優越感と敗北感。信頼と苛立ち。全部が半々で、お腹の中でせめぎ合う。グラグラと何かが煮立つような気持ちの悪さ。そして、1月末に思っていた事と、全く同じ事を私はまた考えていた。



“この人の事は、もう終わりにしなきゃ”




「……それで、こなっちゃんと話せてスッキリしたの?」

「……んー……」



曖昧な擬音を発したあと、陽人は少し心許な気な弱々しい声を出した。



「しょう子だから、恥も捨てて話すんだけど、俺……こなっちゃんにちゃんと振られる事にした」

「……は?」




フリーズ。



「な、ななななんて?」

「逆に、猛アピールして振られてくる!」

「何を言ってらっしゃるの?あなた」

「結論! こなっちゃんの事、やっぱり好き」

「がっちゃーぅ!」


反射でパチンッと自分のおでこをぶっ叩く。チリチリと額が痛むが、そんなことはお構いなしに、陽人の話は進んでいく。

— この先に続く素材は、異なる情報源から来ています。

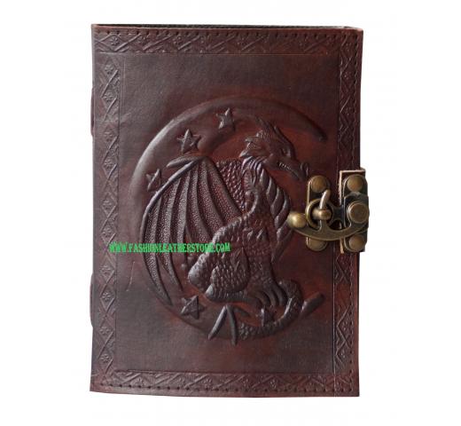 ·Handcrafted out of Indian leather with 120 pages of recycled Indian cotton paper Star with Rounded Dragon Embossed Leather Journal Diary With one C Lock Blank Diary
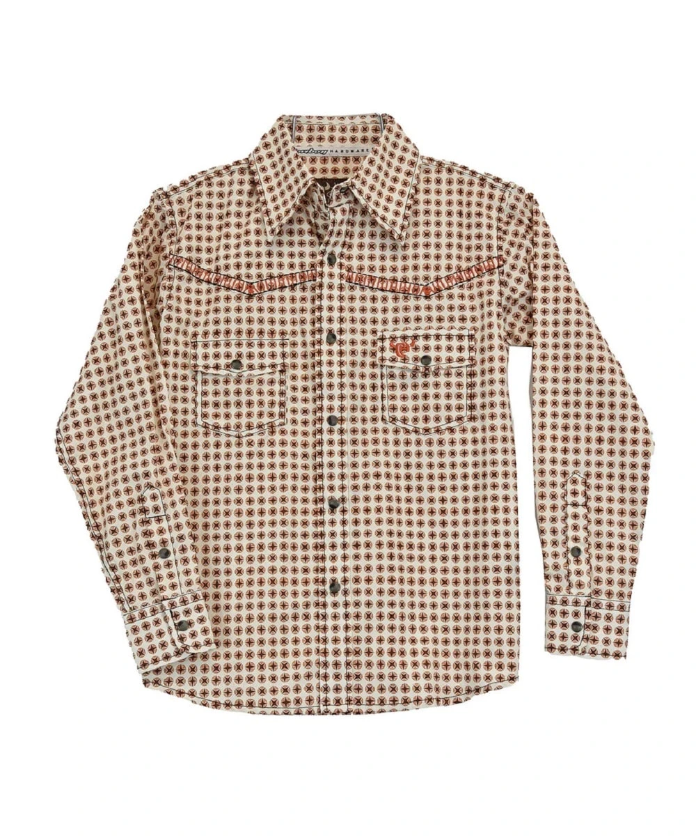 100% Cotton; Long Sleeve; Spread Collar; Snap Cuffs; Two Snap Flap Pockets; Single Point Front/Back Yokes; Accent Stitching On Yoke Seams; Color: Sand/Orange/Black Circle Star Print; Style #725468-083-T
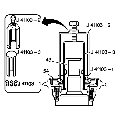 4. Tighten the forcing screw on the J 41103-2 - puller bridge until the J 41103-1 - puller legs remove the torque converter seal (54).

「でも、関わってない時間が長すぎて、改めて会って話した、今のこなっちゃんを好きなのか、中学の頃の幻に引き摺られてるのか、よく分かんない。だから、心新たに頑張って口説きに行ってくるよ」



頭の中は大混乱である。


“え、結局初恋に本気になったって事?”

“でも過去の幻かも知れなくて?”

“だから、口説き落とすの?……は?”


私の混乱なんて知ったこっちゃない陽人は、そのまま続ける。



「こなっちゃん、今フリーだって言ってたから、誰にも迷惑掛けないし」

「言ってる事、分かるようで分からないんだけど」

「大丈夫! 俺にはちゃんと分かってるから!」



朗らかに清々しく言い放った陽人に私は膝から崩れ落ちたい気持ちになった。つまり、彼は初恋を10年越しに追いかける事を決めたのだった。頭の中で、誠也くんの声がこだまする。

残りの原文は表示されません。